Roberts sees certain things as a possible permanent change as a result of the pandemic, particularly in regards to how small breweries operate. “I see limited seating, reduced hours, and more carryout in the future,” he explained. “For breweries operating as taproom-only sales, they will need to move toward a normal production brewery operation with canning and distribution given that the on-premise sales are reduced. Realistically, I see it taking three to five years for the economy to rebound and for us to find and accept our new normal.”
The Questions No One is Asking
There’s a lot of misinformation floating around right now, and many people citing inaccurate numbers or information allowing them to engage in confirmation bias. They’re addressing different questions – is this worse than the flu? Is this as bad as everyone says? Are the numbers accurate, or are they being inflated?
But what are the questions that need to be answered that no one is asking? For Humbard, that answer is involved and a little complex. “In school, I studied outbreaks and pandemics,” he said. It was just part of the normal coursework for someone with my education. Covid-19 isn’t’ the one people worry about, it is more like the little brother of the one we really worry about.
“I think the thing we aren’t really doing in a public way is addressing or assessing our response to this outbreak or treating this as a stress test, wherein our response broke down. The last thing we should be doing is patting ourselves on the back and taking a victory lap.
“The death toll in the US will pass [100,000] and we MIGHT be half way through the first curve. The shapes of these curves are pretty symmetric so if 75K got you halfway [through the curve], you have [roughly] 75K on the back half too.” In light of that, the two important questions that need to be asked include: Have we reached the other side of the first curve yet? And what will the second curve look like? Will it be the same, or will it be worse?

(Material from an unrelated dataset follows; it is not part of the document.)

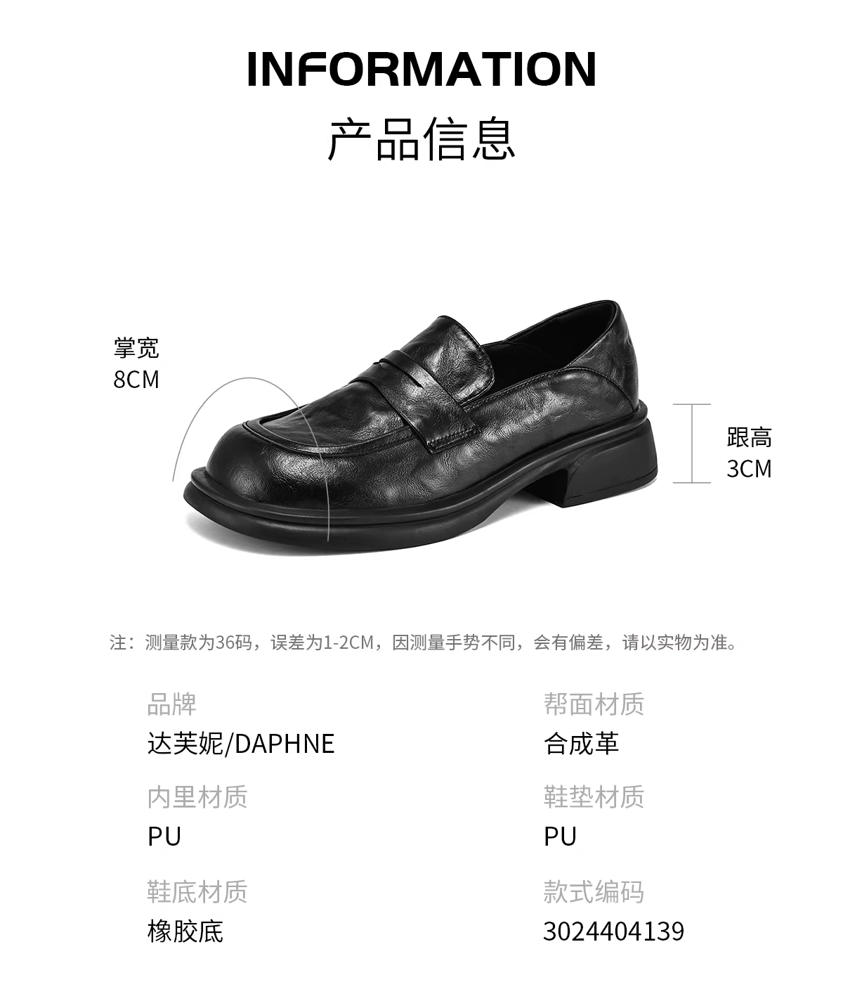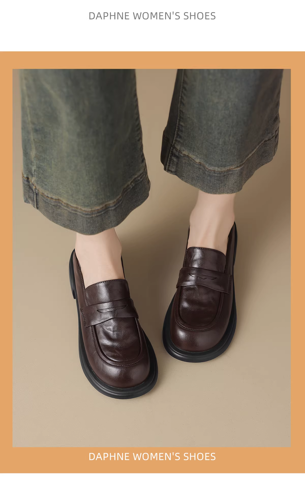 - Giày Loafer nữ Daphne màu đen, mẫu mới Thu 2025, chất liệu da mềm, đế bằng, gót thấp, kiểu dáng công sở, giày da nhỏ gọn phong cách Anh.

Humbard continued, “One of the biggest things that is ignored is the morbidity of the disease. People are obsessed with debunking the death numbers but are generally ignoring the rest of the problem. The real issue is how miserable people are while they are sick. It is an anecdote but a close relative in his 30s got COVID and was incapacitated for 4 weeks, couldn’t do much of anything. The estimated economic impact for seasonal flu is estimated to be about 100 billion dollars a year, that’s for a disease that puts you down for a week, [an illness] that we can vaccinate against, and has a measure of immunity in the general population. COVID takes people out for 2 – 4 times longer, that’s just time off work, taking people away from their jobs for 5-10% of the year to lay in bed and cough? Let’s not think about the deaths of hundreds of thousands of people for a minute and think about having a million workers lay in bed for a month. That piece is barely discussed at all.”
The question Roberts leaves us with is a chilling one to think about. “What do we do if a vaccine doesn’t work?”